The variability of Antarctic fast ice extent related to tropical sea surface temperature anomalies

Abstract. While numerous studies have examined the influence of meteorological variables on fast ice, the mechanistic linkages between fast-ice variability and large-scale climatic oscillations have remained inadequately explored. Empirical Orthogonal Function (EOF) analysis is applied to circumpolar Antarctic fast-ice extent data (March 2000–February 2018) to investigate seasonal-scale teleconnections between fast ice anomalies and tropical sea surface temperature (SST) variability. Results demonstrate a fluctuating but increasing trend in fast-ice extent during austral winter and spring, with spatially predominant anomalies concentrated in the West Antarctic.
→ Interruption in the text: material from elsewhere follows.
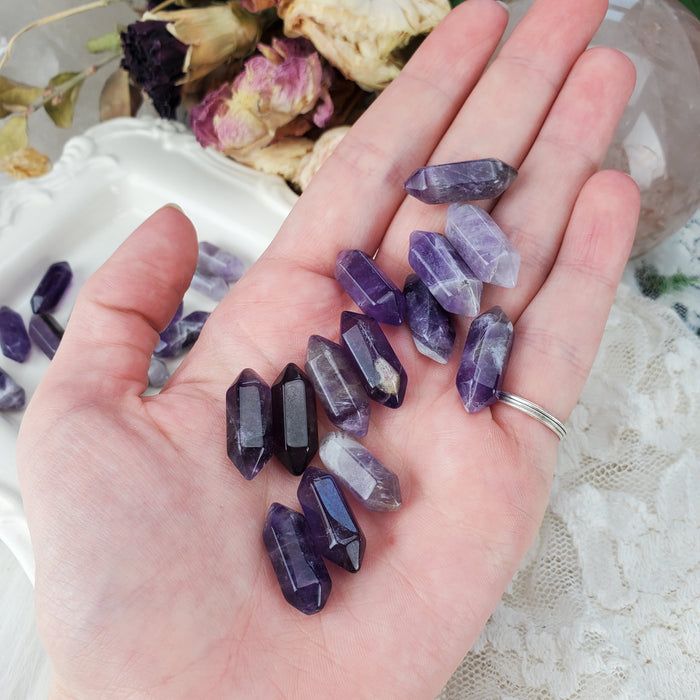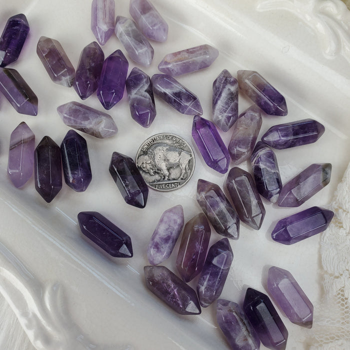 Our Amethyst Double Terminated Points are sold as randomly selected single pieces. They range from approximately 3/4''- 7/8'' long and 3/8'' wide. They are slightly tumbled.

A physical pathway linking tropical and subtropical SST anomalies to fast-ice variability is elucidated through multiscale interactions: SST anomalies modulate outgoing longwave radiation (OLR), subsequently perturbing the 200 hPa geopotential height field and triggering atmospheric Rossby wave trains. These planetary waves propagate from the tropics towards the Antarctic coastal zone, generating anomalies in the Southern Annular Mode (SAM) and other patterns of mean-sea-level pressure (MSLP) and surface wind field. These atmospheric adjustments directly regulate fast-ice mechanical formation/disintegration processes while indirectly influencing thermodynamic ice evolution through air temperature modifications. Tropical SST anomalies predominantly exciting planetary waves during austral autumn, whereas the subtropical South Pacific SST dipole mode emerges as the primary forcing mechanism during austral winter and spring. Seasonal variations in atmospheric forcing on fast ice are identified. By tracing how remote SST forcing propagates through atmospheric wave dynamics to influence regional fast-ice conditions, this study advances process-level understanding of tropical and subtropical impacts on the Antarctic.